The file contains vulnerabilities. If the client user input is allowed to control the files dynamically included on the server-side, it will lead to the execution of malicious code and the disclosure of sensitive information.
The Solution to File Contain Vulnerabilities Exploit:
- Strictly check whether the variable has been initialized.
It is recommended to assume that all inputs are suspicious, and try to perform strict checks on all file addresses that may be included in the input submission, including server local files and remote files, and directory jump characters such as ../ are not allowed in the parameters.
- Strictly check whether the parameters in the include function are controlled by the outside world.
Don’t just verify and filter data on the client-side, the key filtering steps are performed on the server-side.
- Lastly, test all known threats before releasing the application.
6. Cookie Safety Attack
The user’s cookie may be stolen by an attacker for some reason, and the attacker may use the stolen cookie to log in to the user’s website directly as the user.
7. Directory Traversal Attack
Refers to attackers using application vulnerabilities to access data or file directories outside of legitimate applications, resulting in data leakage or tampering.
The most common is to use the “double period on behalf of the parent directory” mechanism to attack. For example: “../../../../../../etc/passwd”
The web server mainly provides two levels of security mechanisms
Root directory access: A specific directory in the server file system serves as the root directory of the website. It is often a restriction, and users cannot access any content located above this directory.

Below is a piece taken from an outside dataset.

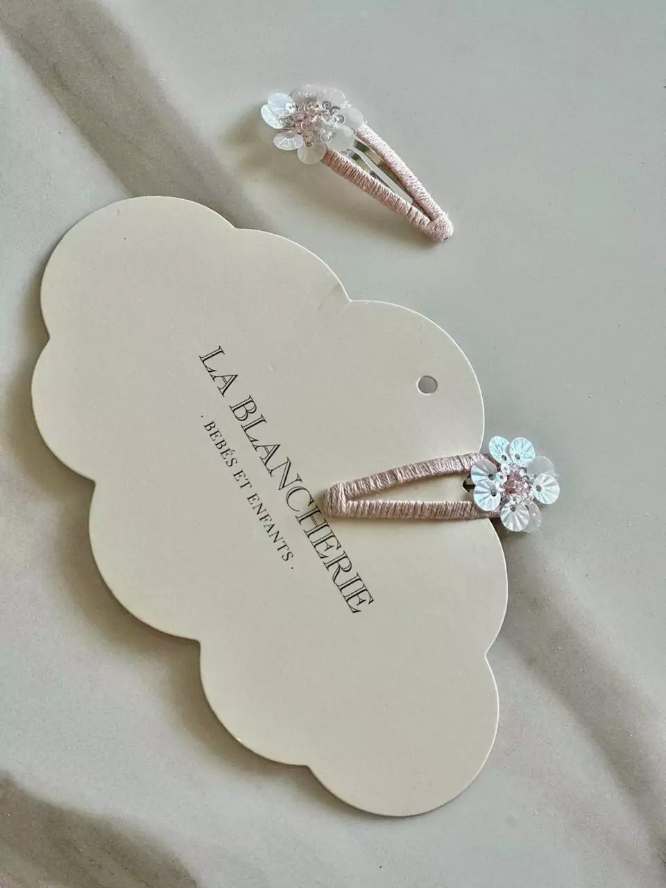 Pack de dos hebillas tic tac metalicas forradas en hilo color rosa. Detalle de Flor con canutillos. Ideal para sumar a los looks de celebración

Access control list (ACL): A list used by the administrator of the Web server to specify what users or user groups can access, modify, and execute certain files on the server.
8. Distributed Denial of Service Attack
DDoS attack uses inherent loopholes in network protocols to forge reasonable service requests. It consumes limited network bandwidth or occupies too many service resources so that the network or service cannot respond to the normal requests of users. This attack will eventually cause network services to be paralyzed.
Types of DDoS
- Resource exhaustion types include UDP DNS Query Flood, Connection Flood, HTTP Get Flood, etc.
- Traffic types are: syn_flood, ack_flood, rst_flood, udp_flood, icmp_flood, etc.
9. Direct references to unsafe objects or Insecure Direct Object References
IDOR occurs when the developer exposes a reference to the internally deployed object of the website to the user, such as a file, directory, database key, etc., if the system does not have access control checks or other protective measures, the attacker can forge the reference to achieve unauthorized data Access.
Principle of Insecure Direct Object References
The basic attack principle is to guess the references of other unauthorized objects based on existing object references. This attack may occur when the website address or other parameters contain references such as files, directories, database records, or keywords.